The concept and curation of New World of Indigenous Resistance also merits praise. The range of voices across language, culture, and geography assembled by Maldonado and Meyer engaged in a translated (and re-translated), virtual dialogue, suggests a wonderful mezcla of globalism, technology, difference, and cultural regeneration. The form and content of these perspectives—personal, and communal, allied and contradictory—exemplifies the oft-cited Zapatista aspiration of “a world in which many worlds fit.” Meyer and Maldonado have carved open a vital space for new voices and views on education, community, culture, and the environment. They call for a more inclusive dialogue and a new kind of intercultural exchange.
Reader comment | Jul 17, 2010, J. L. Santana
"New World of Indigenous Resistance," by Lois Meyer and Benjamin Maldonado, has given us an opportune and important dialogue with Noam Chomsky and many activists and scholars from the Americas. I would like to contribute some thoughts as for this book. I was born and raised as a monolingual Spanish speaker in Ecuador. I was educated in an elite all-boys Catholic school until 8th grade. I knew that Ecuador and all the countries in America were multilingual and multicultural, but my world was...more surrounded by monolingual speakers who were not interested in knowing there historical heritage and thus creating within me a conflict of denying my roots. A conflict because I was not encouraged to know my past, my indigenous past.
This book, with its many contributors, brings a myriad of important and directly related issues to hegemonic resistance. These indigenous voices are central to this book. They and Noam Chomsky deliver a tangible message of true hope in these hazardous and death-defying times to our native brothers and sisters. Throughout this book, we read real life experiences which are an essential corporeal movement of decolonization. The framework of this book is the concept of comunalidad which is very foreign to most of us non-indigenous peoples. This new concept gave me a better understanding of indigenous experiences and their reactions to hegemonic systems currently in place.

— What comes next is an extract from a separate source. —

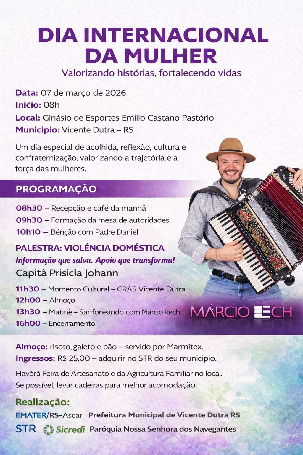 O encontro é uma realização da EMATER/RS-Ascar, Prefeitura Municipal de Vicente Dutra, STR, Sicredi e Paróquia Nossa Senhora dos Navegantes, reafirmando o compromisso conjunto com a valorização e o fortalecimento das mulheres da região.

This book moves beyond the typical hegemonic literary definition. It deals with issues of globalization in many areas which threat the origin of indigenous epistemologies and their ways of living. In sum, thank you for this dialogue that has consciously honor equally the wisdom that represents so many different peoples. As a current educator in the United States, I find this book to be filled with hope by taking action. It is essential to all of us non-indigenous peoples to look at our past and reflect. Just like Busquets (in this book) quotes an advice from a wise elder leader which could be applied for all of us: "You who live in the city, how do you live, and what value does your work have for you? “Why is it important that our families work united, helping one another? “Do you work with joy, satisfaction and liberty? “How do you resist selfishness and the power of individualism? “Do you know how to work in community? “How can we build a better future for our children?